As another example, give a look at http://surfraw.sourceforge.net, which gives you the chance to redirect a web result on any command line app.

Now you'll probably ask yourselves: "why should we spend time searching for these tricks while we're able to access the Web anyway, with our browsers?". Well, because in this way YOU decide what to see and what to do with the data you download, you choose what to download, you won't have any more popups and banners, and I think just this might be enough :)

mala
12-26-2002, 07:00 PM
I've moved the thread here, since it might become a little more code-oriented... in the meanwhile, I've tried some experiments with wget and I've found something which might come handy in some situations. As an example, to attract your attention, I've made my experiments on porn websites ^__^

Just take one of those "free pr0n" pages, which have new links every day that point to free sections of other websites. I've just run this single line

wget -A mpg,mpeg,avi,asf -r -H -l 2 -nd -t 1 http://url.you.like

went to the cinema and when I was back... 160MB of movies, without having to follow links, click on images, close popups, read banners and so on.

How does it work? Here's a description of the switches I've used:

-A mpg,mpeg,avi,asf
This one makes wget save only files that end with the extensions I've specified

-r
Recursive: follows the links it finds in the homepage

-H
Span hosts: when recursive, it follows the links to foreign hosts too

-l 2 (note: lowercase 'L')
Recursion depth: I've set it as 2, to follow the links in the main page and then the links to the video files in the linked pages

-nd
No directories: doesn't create directories, puts everything in the same dir

-t 1
Retries: I've set it to 1, to avoid losing time retrying after it hasn't found a server


Hope you found it interesting :)

null
01-04-2003, 08:58 PM
Hello...







Here is a way one could get the (nick)name of the last person who posted a reply to a favorite thread on this forum:







$ lynx -nolist -dump 'http://ret.mine.nu/board/viewforum.php?f=3' |


> grep -2 "Browsing the web" | tail -1 | awk '{ print $1 }'







- GUI is designed for USERS.

> All the others use cmdline ...







null

mala
01-05-2003, 05:23 PM
Heh, that's great! :)

In the meanwhile, I've made a little perl script to ease link parsing. That is, a script which allows you to

- extract all the links from one page
- print only the ones that either
- - follow a specified pattern in the URL or
- - follow a specified pattern in the text "tagged" by the anchor

I've tried to cut'n'paste it from the preview and it works. You can use it this way:

perl filename.pl http://url "URL regexp" "text regexp"

For instance,

perl exturl.pl http://ret.mine.nu/links.html "" "descendants"
gives you the link to Immortal Descendants mirror (this version still doesn't convert relative URLs to absolute ones, as you might see)

Instead,
perl exturl.pl http://ret.mine.nu/links.html "cjb"
gives you only links to the websites at cjb.net

perl exturl.pl http://ret.didjitalyphrozen.com/board/sear...rch_author=mala (http://ret.didjitalyphrozen.com/board/search.php?search_author=mala) "viewforum"
returns the url to all the forums of this website where I've written a message

perl exturl.pl http://ret.didjitalyphrozen.com/board/sear...rch_author=mala (http://ret.didjitalyphrozen.com/board/search.php?search_author=mala) "" "stegano|command line"
returns the urls to forums or messages whose subject contain "stegano" or "command line"

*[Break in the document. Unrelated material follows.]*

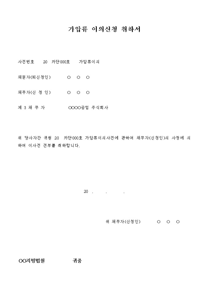 가압류 이의신청 취하서
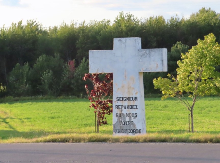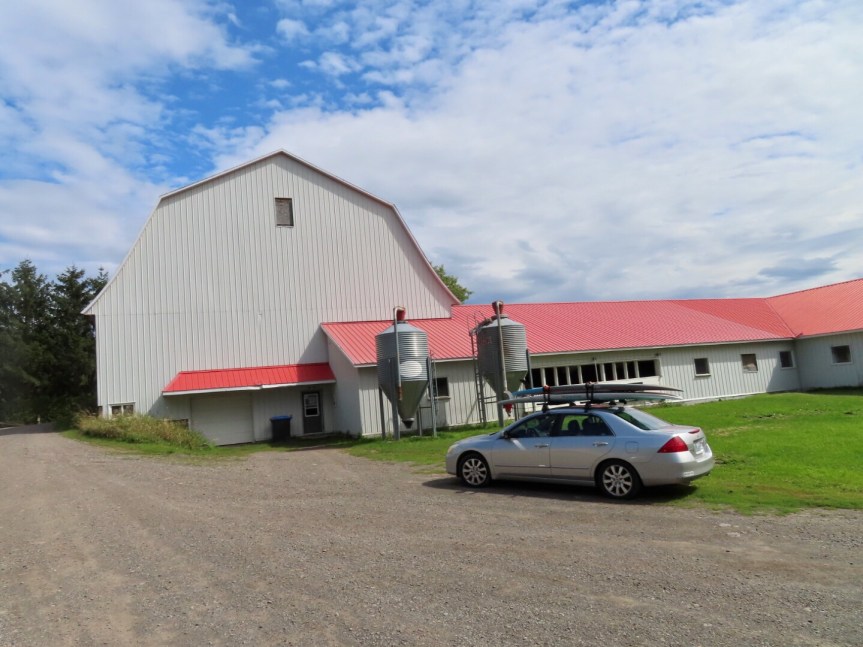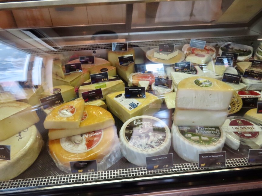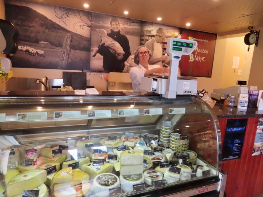 It was still rainy and misty as we started the day. We did our morning ablutions and hit the road through the small towns and farm country outside of Quebec City. For one of our breaks during the ride, I followed a roadside advertisement to a rustic cheese factory on a little farm off the highway. PJ got depressed because the goats were kept in a large barn and didn’t want anything more to do with the stop. I went in and talked to the gal in the little shop and bought two small chunks of their specialty cheese made on site. Then it was back on the Canada 20 for the rest of the way to Transit Camping in Lévis.

-----------------------------------------------------------------------------

#!/usr/bin/perl

use LWP::UserAgent;
use Data::Dumper; # quick and dirty way to dump data on the screen

# this is a very simplified implementation of getpage but should work with
# no problems if you don't have to authentify yourself

sub getpage{
my $url = shift;
my $ua = new LWP::UserAgent;

# note: for some websites we _have_ to provide agent name
$ua->agent('Two/0.1');

# connect to the main url
my $req = new HTTP::Request GET=> $url;
my $res = $ua->request($req);

die "Error connecting to the main page:n".Dumper($res->headers) unless $res->is_success;

return $res->content;
}

sub xtracturl{
my ($content,$regexp1,$regexp2) = @_;

my (@links,@links2);
my %hash;

# powerful regexp! Hope that works :)
while ($content =~ /<s*a.*?hrefs*=[s]*"?([^s">]+).*?>(.*?)</a>/gsi){
my $url = $1;
my $str = $2;
if ($url =~ /$regexp1/i){
push (@links, $url);
}
if ($str =~ /$regexp2/i){
push (@links, $url);
}
}

# clean links array from dupes
for (@links){
$hash{$_}++ || push @links2,$_;
}

return @links2;
}

print join ("n",xtracturl (getpage ($ARGV[0]),$ARGV[1],$ARGV[2]))."n";

null
01-07-2003, 10:13 PM
Looks like a very nice script mala, especially the regexp!





I have two things to point out:





1. You can safely change the <s*a part of the regexp to <a because no whitespaces are allowed between the tag opening sign "<" and the tag name.





2. You know me... I couldn't (almost) post anything here without pasting a nice example from my console:





lynx -dump http://ret.mine.nu/links.html | sed 's/^ *[0-9]*. [^h]*//' | grep '^http'





Note that by default lynx displays all the links found inside a web page when you use the -dump switch. These links are displayed at the end of the output. If you don't want lynx to display these references, you have to use the -nolist option too.



null

mala
01-08-2003, 01:42 PM
1. You can safely change the <s*a part of the regexp to <a because no whitespaces are allowed between the tag opening sign \"<\" and the tag name.

Good! I wasn't sure about that, so I added those chars without even reading any html specs ;)

2. You know me... I couldn't (almost) post anything here without pasting a nice example from my console:

I know you, and I couldn't wait to see it :)

As usual it's very nice! And please, let me comment it to

1) See if I understood it well
2) Explain it to others so we will be able to build a little "regexp tute step by step" ;)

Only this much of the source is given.